Esteve na UNIMOZ desde 92 a 1994 apenas como tradutor.

Em 1994 dá os primeiros passos com o Projecto “Pesquisa sobre Música e Dança Tradicional” que foi apreciado e financiado pelos dinamarqueses abrindo-lhe as portas para trabalhar no Museu.

Durante este período, sempre que regressava das missões no Mato, trazia consigo instrumentos dessas localidades.

Iniciou a Exposição de Instrumentos no Museu e paralelamente sensibilizava os seus visitantes com workshops e performances com os instrumentos restantes.

Aos poucos conquistou o número suficiente de interessados e criou a “CASA VELHA”.

A ASSOCIAÇÃO CULTURAL DA CASA VELHA é o primeiro legado deixado pelo seu único fundador, Carlitos Miguel Namakotto.

Aceita o convite da UNESCO em 1999 e vai para a cidade da BEIRA coordenar o Centro Juvenil da Manga até 2001.

Nesse ano vai para Maputo, para integrar um novo projecto e inscreve-se como aluno na Universidade Eduardo Mondlane em Arqueologia e Antropologia.

É novamente convidado para fazer parte da equipa italiana que liderava o projecto CCS (Centro di Coperazione Sivilupo).

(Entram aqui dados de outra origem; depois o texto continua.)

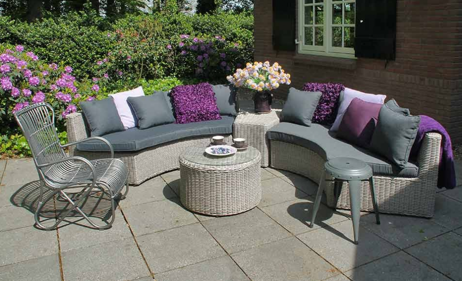 De Chloe loungeset van Fonteyn is prachtig halfrond. Deze strakke loungeset sluit mooi aan bij een strakke tuin of een rond terras. Geniet heerlijk ontspannen in uw tuin van het prachtige zomerweer!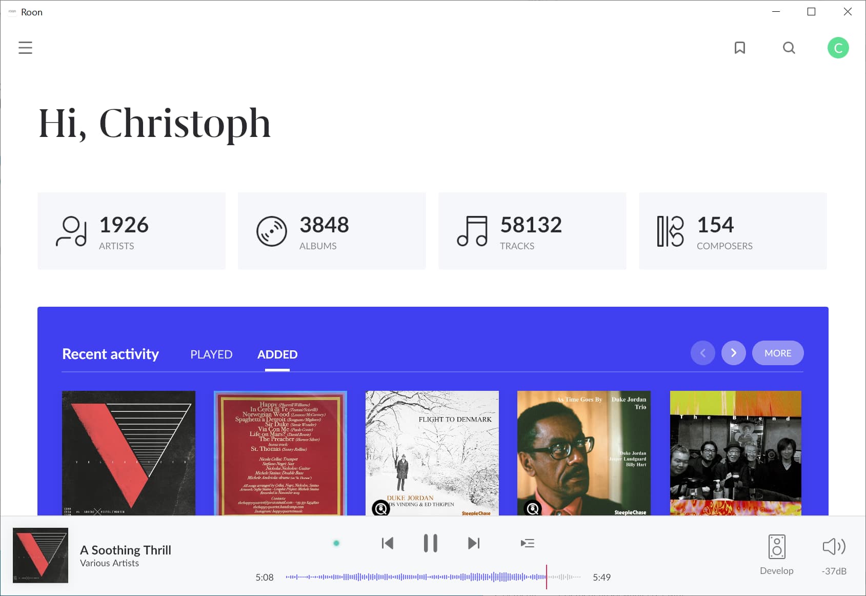 Next I went to my wife’s Win10 PC and opened Roon. It was still v1021 and not used for a long time!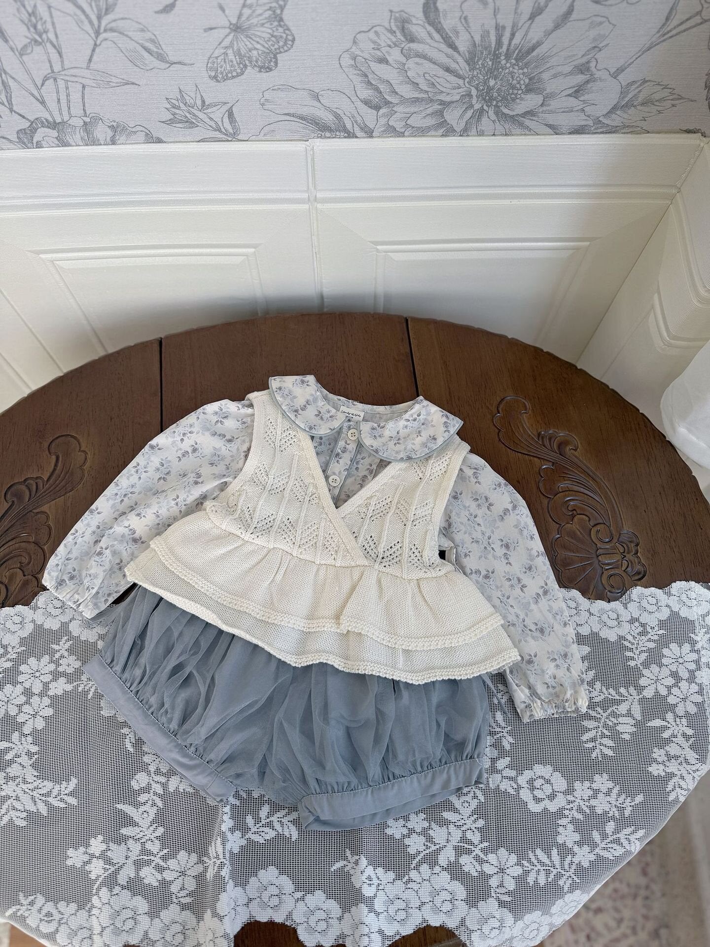 ふんわりとした柔らかいコットンを贅沢に使用した、透かし編みのニットベストです。胸元のカシュクールのような深いVラインが、お顔周りをすっきりと見せつつ、裾にかけて広がる2段のフリルが愛らしいシルエットを演出します。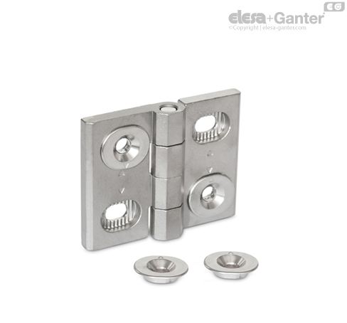 采用 GN 127 铰链后,各种门和罩盖可以通过移动调整衬套实现紧密、精确地定位。 通过这种方式,门的间隙可以重新调整,制造公差也能得到补偿。 箭头标记可调范围 w 的中心。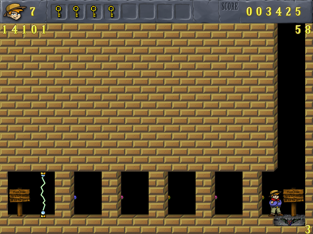 Pic c. Jack pulled the last lever to stop the zapper beam. But he was curious about what happened behind the last pilar. So he did not leave the room but retraced his steps. But now he can't go back to the left anymore.
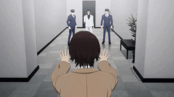 逃げようとした俺が立ち上がると、白スーツの男・矢継早 速人(CV.濱 健人)は「動くな!」と声を荒げた。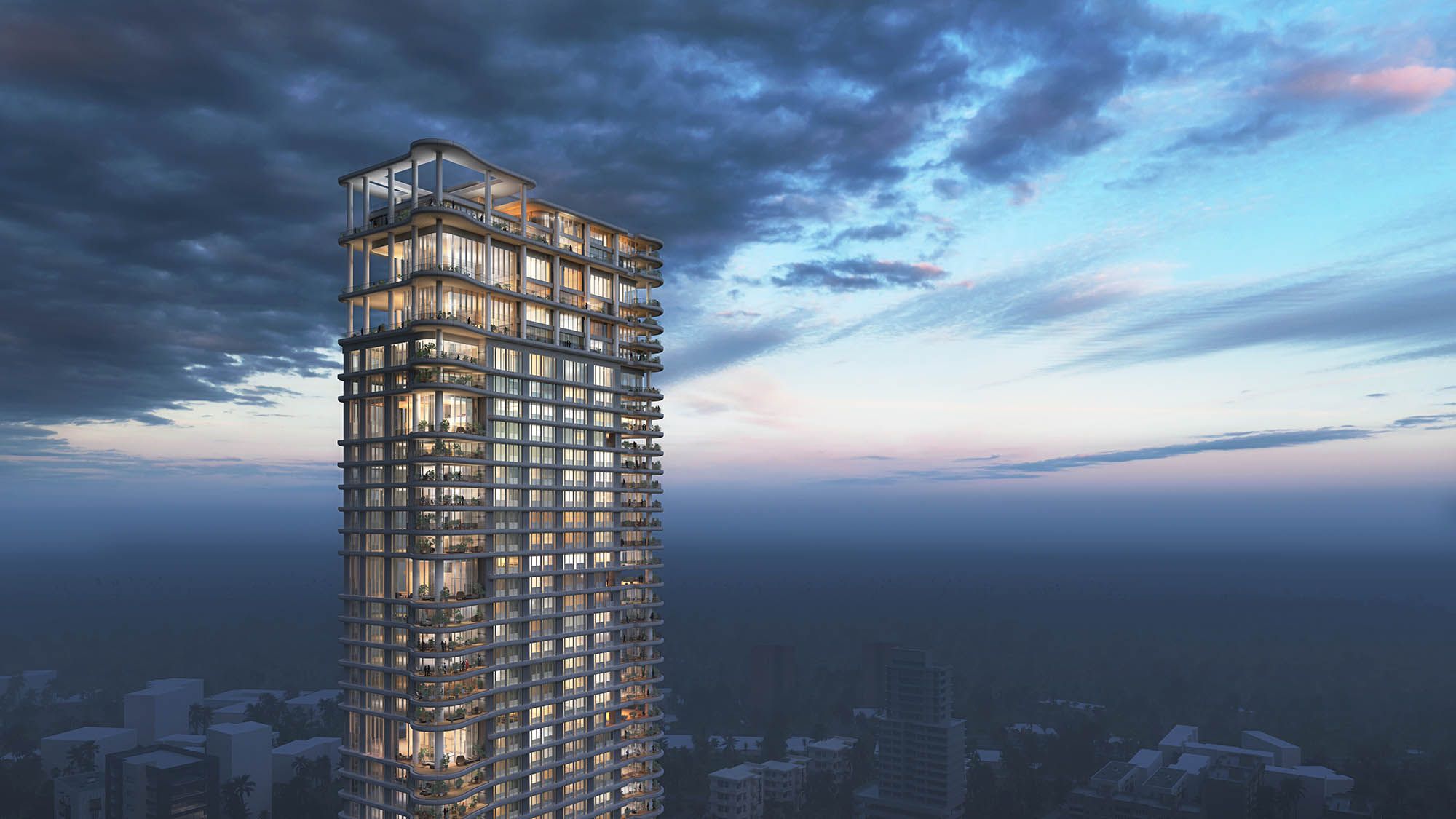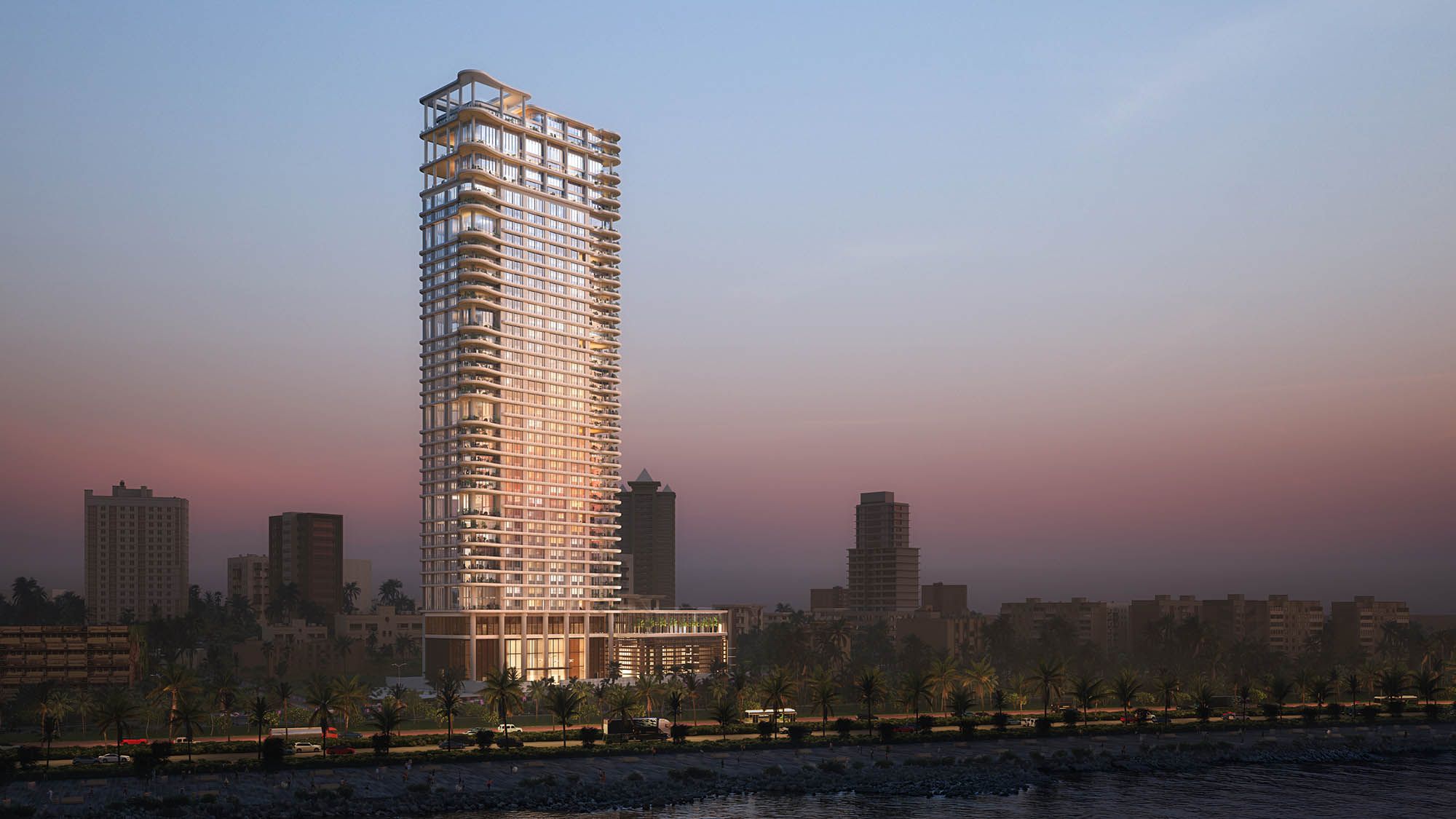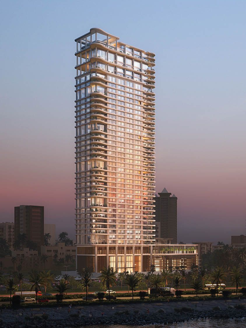 Positioned along Mumbai’s iconic seafront, the building responds to the energy of the promenade while presenting a refined and elegant presence to the city. Carefully articulated frontage and materiality give the tower a strong civic presence while reinforcing its sense of exclusivity and address.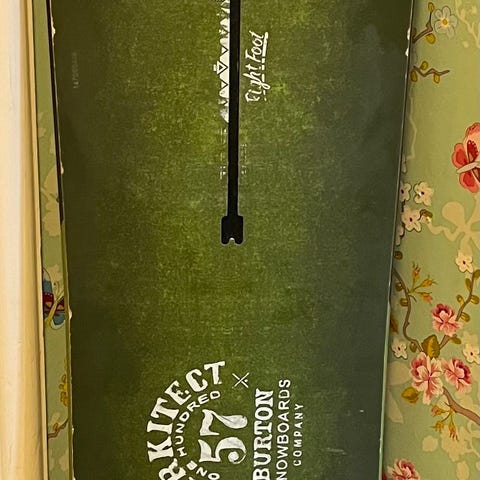 Brädan har Burtons The Channel-system och bindningarna sitter monterade och klara. Bara att ta med upp på fjället och börja åka!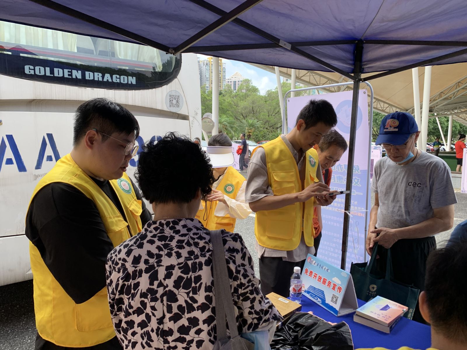 5月21日上午,活动来到南宁市老年大学。活动现场,现场免押金办理借书证的服务备受老年学员欢迎。只需凭身份证,就能轻松办理借书证,志愿者们还热情地协助老年学员使用手机操作图书查询、电子书下载阅览等功能,开展“智慧助老”服务,让老年学员也能紧跟时代步伐,享受数字化阅读的便利。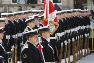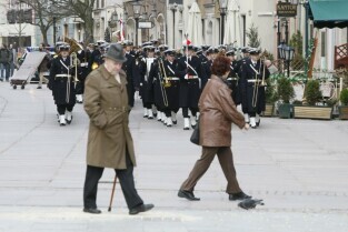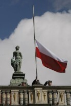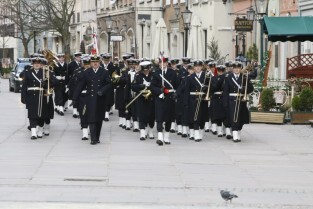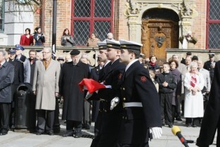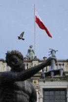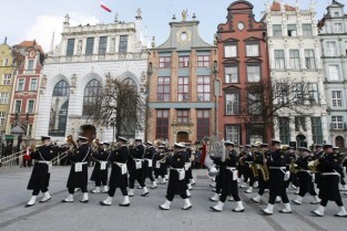 65 rocznica powrotu Gdańska do macierzy. Uroczystości na Długim Targu. Wciągniecie polskiej flagi na maszt na Dworze Artusa

Aproveita as oportunidades dos intercâmbios Culturais e viaja até à Europa, onde frequentou algumas Associações de Estudantes e aprofundou a Antropologia Cultural.

De regresso a Maputo, dá os primeiros passos com objectos RECICLADOS enquanto Coordenador Cultural do Bairro Fomento.

O lado artístico nunca o abandonou e a preferência pelo Reggae nunca esmureceu.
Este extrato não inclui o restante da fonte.